Homenagem aos 63 anos da UFG

Em 27/12/23 11:18. Atualizada em 27/12/23 12:17.

Nas comemorações de aniversário, Frei Marcos Sassatelli propõe o debate da não-neutralidade da Ciência

Frei Marcos Sassatelli*

Frei Marcos - Pietro Sassatelli

Como professor de Filosofia aposentado da Universidade Federal de Goiás (UFG) - com muita honra - uno-me aos estudantes, funcionários e funcionárias, professores e professoras, pesquisadores e pesquisadoras da UFG nas homenagens prestadas à Universidade pelos seus 63 anos de existência.

Não pude estar fisicamente presente na sessão solene da Assembleia Legislativa de Goiás (Alego), proposta pela deputada Bia de Lima (06/12/23) e da Câmara Municipal de Goiânia (14/12/23: dia do aniversário à noite), mas estou unido a todos e todas vocês. A UFG merece! 

Na sessão solene da Câmara Municipal de Goiânia, a reitora Angelita Pereira de Lima, em seu discurso, lembra-nos que a Instituição “mesmo sendo uma Universidade jovem, figura entre as mil melhores do mundo em todos os rankings”. E conclui: “Temos muito que comemorar e celebrar e, principalmente, muito a agradecer à Comunidade externa” (O Popular, 15/12/23, p. 20). No artigo “A UFG nasceu para ser de Goiás”, a reitora escreve: “Em 2023, a UFG posicionou-se nos principais rankings internacionais entre as 5% maiores e melhores do mundo” e “está entre as 20 melhores do país” (Ib., 20/12/23, p. 3).
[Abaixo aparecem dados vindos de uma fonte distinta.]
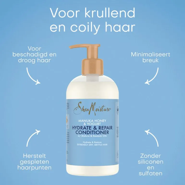 SheaMoisture Manuka Honey & Yoghurt Hydrate & Repair Conditioner herstelt droog en beschadigd haar. De conditioner helpt beschadigd haar en gespleten haarpunten te herstellen, waardoor je haar weer gezonder aanvoelt. De herstellende conditioner vermindert haarbreuk op warmte-gestyled haar met 76% wanneer gebruikt met onze Hydrate & Repair Shampoo*. Wanneer je deze conditioner regelmatig gebruikt, wordt je haar veerkrachtiger, sterker en gaat het weer glanzen. De SheaMoisture Manuka Honey & Yoghurt Hydrate & Repair Conditioner is verrijkt met een voedende mix van manukahoning, yoghurt, natuurlijke sheaboter en mafura- en baobabolie. Dit product is geschikt voor dagelijks gebruik, bevat geen siliconen en sulfaten en is ook geschikt voor gekleurd haar. *Getest op niet-chemisch behandeld haar.
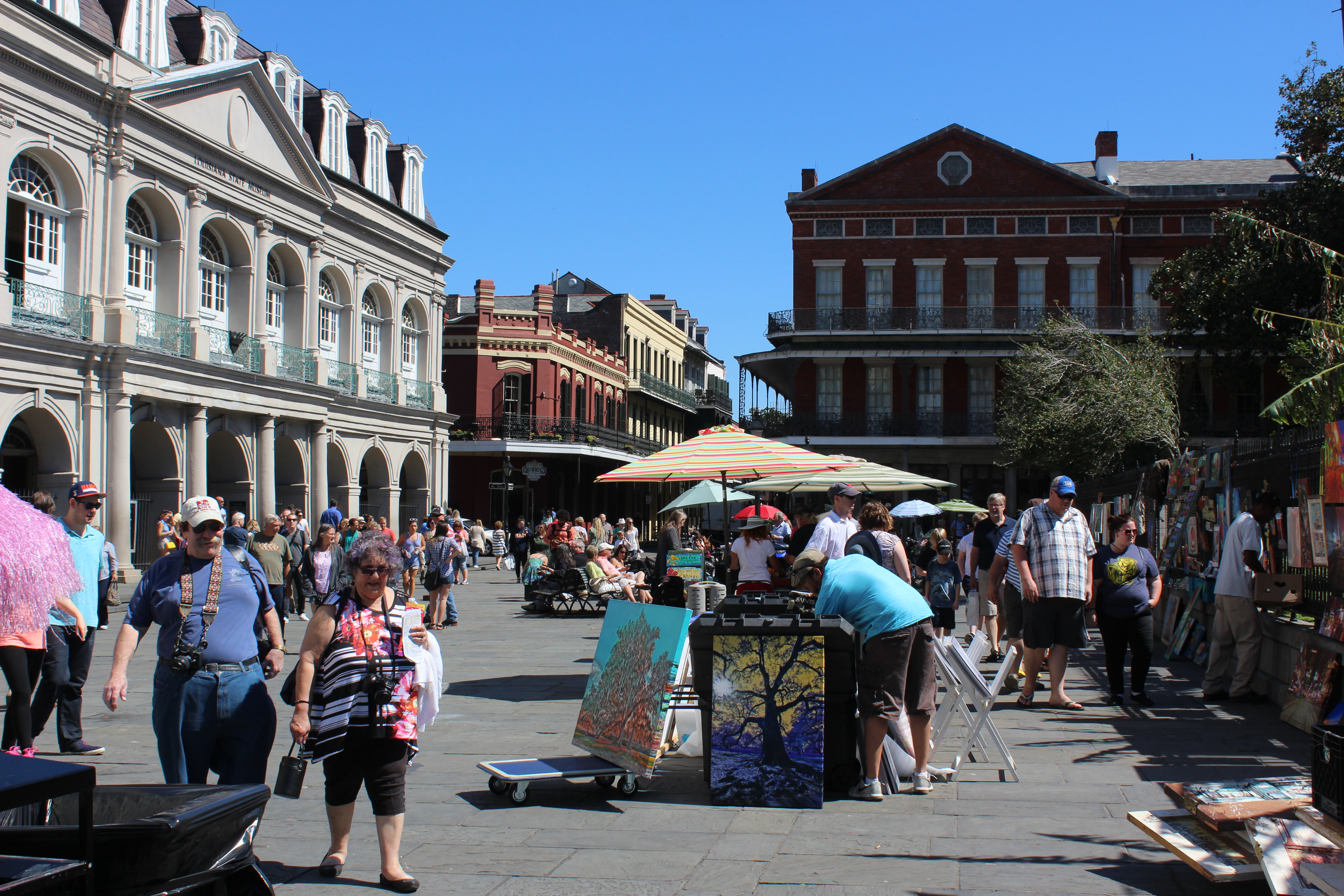 Jackson Square itself was great though. Tons of street artists, a beautiful catholic church which you could go into, and lots of shops and restaurants. We liked it early in the day, but when we returned later in the day it was uncomfortably packed with people. Cruise ships are landing in New Orleans now and we saw lots of big tour groups along with so many visitors for a Monday! Still I thought it was neat and liked the vibe.
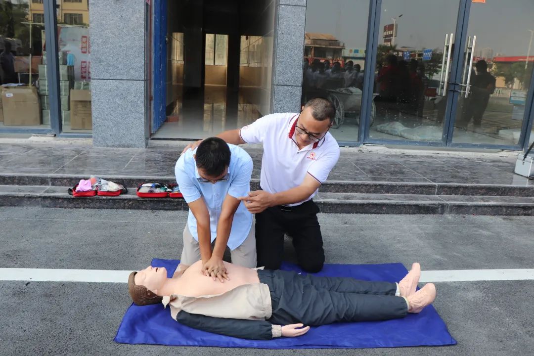 本次活動(dòng)分為兩個(gè)階段。第一階段,港南區(qū)紅十字會(huì)對公司全員進(jìn)行應(yīng)急救護(hù)技能培訓(xùn)。實(shí)操過程中,老師一邊念著“口訣”,一邊通過“模擬人”向大家演示心肺復(fù)蘇術(shù)、人工呼吸法等緊急救護(hù)技術(shù),提醒大家要根據(jù)被救者的實(shí)際情況進(jìn)行施救,避免造成“二次傷害”?,F(xiàn)場的員工認(rèn)真聆聽,并積極參與到心肺復(fù)蘇術(shù)實(shí)操演練中,有不規(guī)范的動(dòng)作老師立即手把手進(jìn)行了指導(dǎo)和糾正。
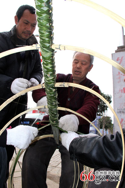 家住施秉县城沙河街七十多岁的老先生田应祥(中)是“亮龙”的传人,每年农历正月是他忙碌的日子,这是他带着两个儿子在扎“龙头”。
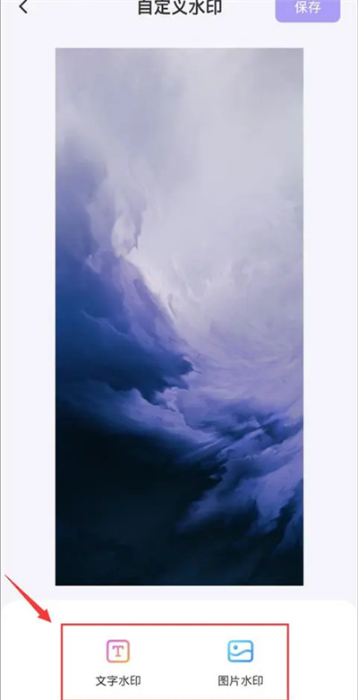 2、在手机上照片中找到需要去水印的照片导入操作界面,点击页面下方选择添加文字水印或图片水印;
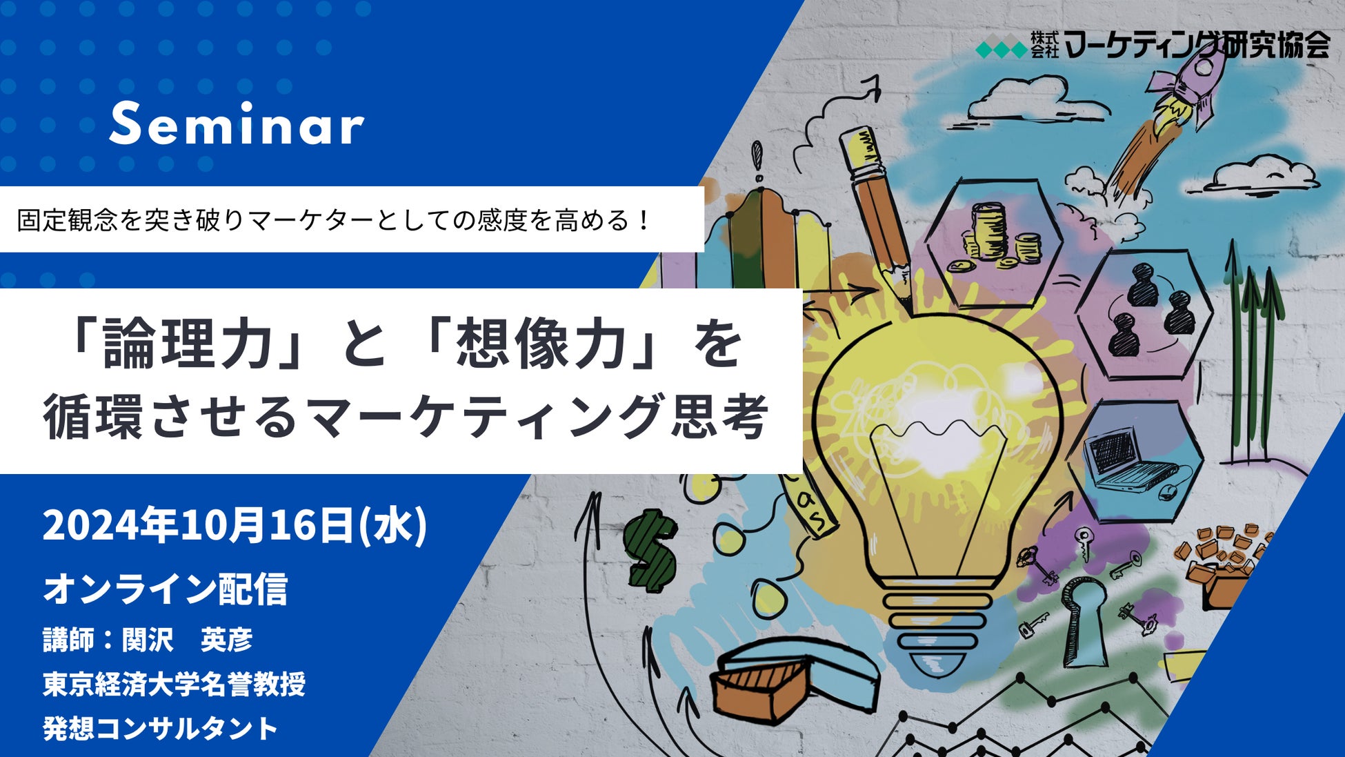 株式会社マーケティング研究協会は2024年10月16日オンラインセミナー「論理力」と「想像力」を循環させるマーケティング思考を開催します。本セミナーはアーカイブ動画での受講も可能です(期間限定)。
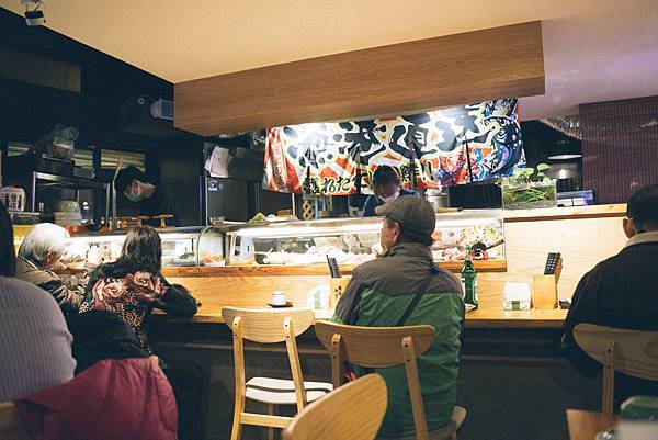 魚日式料理店面外只有一層樓,外觀是落地窗,很能一眼看進裡面的客人是否滿座。
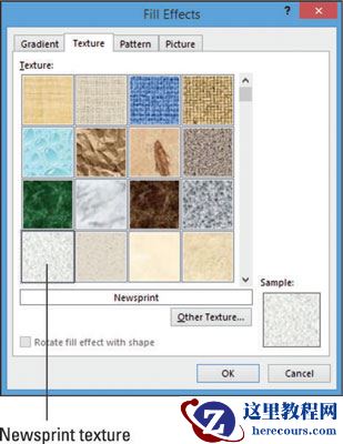 选择设计→页面颜色→填充效果。将打开“填充效果”对话框。单击“纹理”选项卡,单击“新闻纸”纹理,然后单击“确定”。背景更改为新闻纸纹理。如果您拥有自己的纹理文件,则可以使用它们。单击“其他纹理”按钮浏览硬盘上的文件。
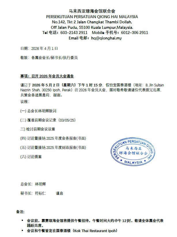 受邀出席琼海市2026年港澳台海外乡亲联谊暨招商引资推介活动 April 16, 2026April 26, 2026 Administrator 琼海市2026年港澳台海外乡亲联谊暨招商引资推介活动 2026年4月2-7日
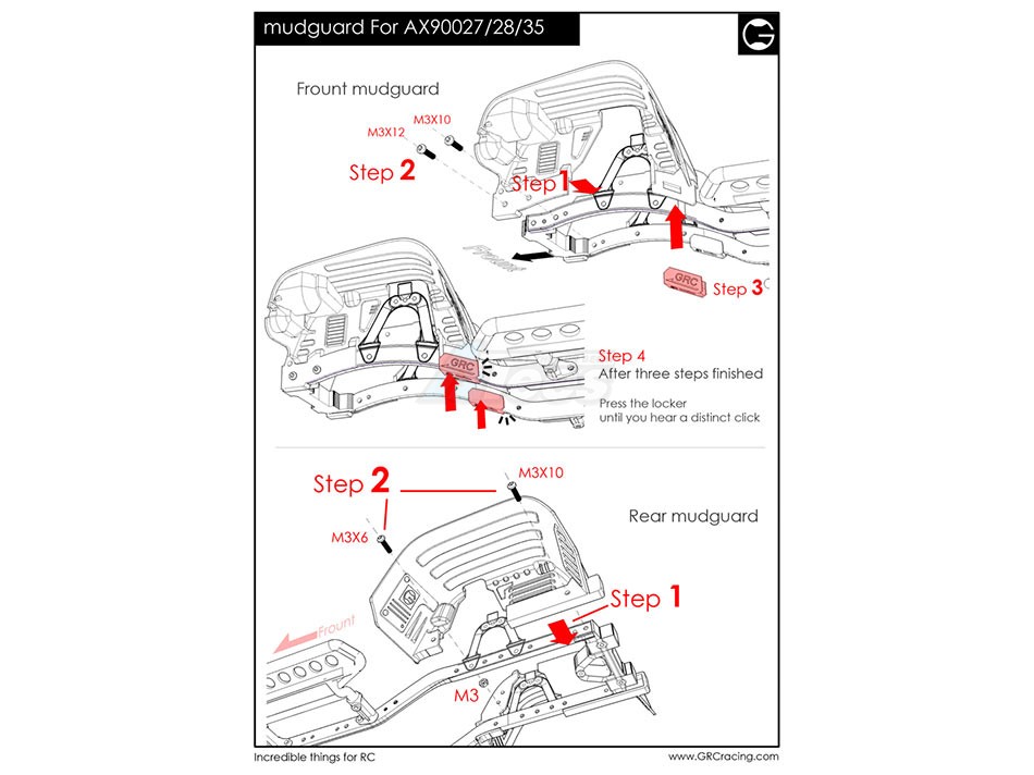 - Factory description: GRC Axial SCX10 3D PLA Front Inner Fender for Axial #90027 Jeep Wranger
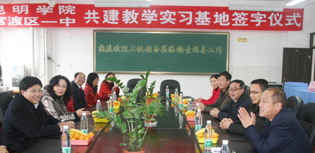 授牌仪式前,官一中熊校长陪同3044am永利官网领导一行参观了官一中新校园,并介绍了学校办学及建设发展情况。在授牌仪式上,罗副院长和熊校长代表双方学校在“3044am永利官网教学实习基地建设协议书”上签字。罗副院长将“3044am永利官网教学实习基地” 牌授予官渡区第一中学。

Como eterno aprendiz de filósofo - em homenagem à UFG pelos seus 63 anos de existência - coloco para nossa reflexão (no breve espaço de um artigo) uma questão que considero de fundamental importância, sobretudo hoje, na vida das Universidades: a questão da “não-neutralidade” ou da “não possibilidade da indiferença política” da ciência. 

Embora essa questão refira-se a todos os momentos do processo do conhecimento - comum (a maioria dos nossos conhecimentos, mesmo dos cientistas, são do conhecimento comum), científico, filosófico e teológico - devido ao extraordinário desenvolvimento das Ciências - ela é particularmente sentida e debatida quando se trata do conhecimento científico. 

Em sentido amplo, conhecimento científico é todo conhecimento metódico e sistemático; em sentido estrito, é o conhecimento metódico e sistemático que se fundamenta na observação rigorosa e na verificação experimental dos fatos ou fenômenos. O objeto do conhecimento científico pode ser a realidade natural (o mundo material e vivente) e/ou a realidade humana (o mundo especificamente humano). O sujeito do conhecimento científico é sempre o ser humano.

Portanto, do ponto de vista do objeto do conhecimento, podemos distinguir as Ciências em "Ciências naturais" e "Ciências humanas"; do ponto de vista do sujeito do conhecimento, todas as Ciências são "Ciências humanas".

À postura da chamada “neutralidade científica” podemos fazer uma "crítica externalista" e uma "crítica internalista".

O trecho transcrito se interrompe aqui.